- [AVAILABLE RECORDS]:
▼

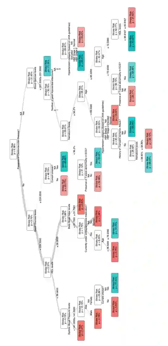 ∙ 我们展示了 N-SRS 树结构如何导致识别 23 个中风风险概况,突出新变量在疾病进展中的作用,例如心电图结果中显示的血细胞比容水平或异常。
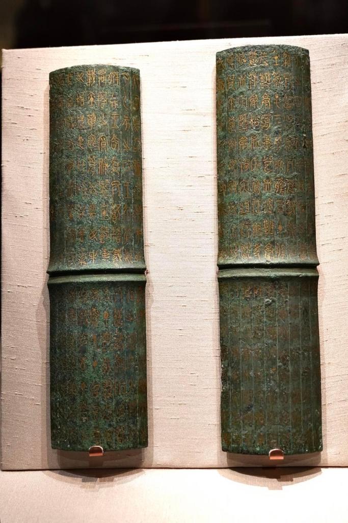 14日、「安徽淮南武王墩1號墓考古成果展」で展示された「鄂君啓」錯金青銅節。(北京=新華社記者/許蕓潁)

▲
▼

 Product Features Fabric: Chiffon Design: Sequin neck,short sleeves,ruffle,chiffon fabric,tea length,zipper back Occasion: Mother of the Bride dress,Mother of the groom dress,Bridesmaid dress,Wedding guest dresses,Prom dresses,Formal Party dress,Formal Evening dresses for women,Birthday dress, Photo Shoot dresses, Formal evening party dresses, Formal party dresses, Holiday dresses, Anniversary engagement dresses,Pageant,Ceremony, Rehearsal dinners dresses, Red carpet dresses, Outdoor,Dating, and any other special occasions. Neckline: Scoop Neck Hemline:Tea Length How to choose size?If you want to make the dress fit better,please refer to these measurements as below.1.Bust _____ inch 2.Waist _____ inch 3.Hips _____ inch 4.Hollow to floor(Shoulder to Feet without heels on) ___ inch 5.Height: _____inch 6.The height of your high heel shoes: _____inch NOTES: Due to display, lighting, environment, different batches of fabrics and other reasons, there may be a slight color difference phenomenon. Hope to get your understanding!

▲

- [REQUIRED WORK]: Starting at the line containing "树结构如何导致识别 23 个中风风险概况,突出新变量在疾病进展中的作用,例如心电图结果中显示的血细胞比容水平或异常。" and stopping at the line containing "14日、「安徽淮南武王墩1號", output each line exactly as it appears above. Leave out the pictures.

- [REPLY TO THE EXERCISE]:
 ∙ 我们展示了 N-SRS 树结构如何导致识别 23 个中风风险概况,突出新变量在疾病进展中的作用,例如心电图结果中显示的血细胞比容水平或异常。
 14日、「安徽淮南武王墩1號墓考古成果展」で展示された「鄂君啓」錯金青銅節。(北京=新華社記者/許蕓潁)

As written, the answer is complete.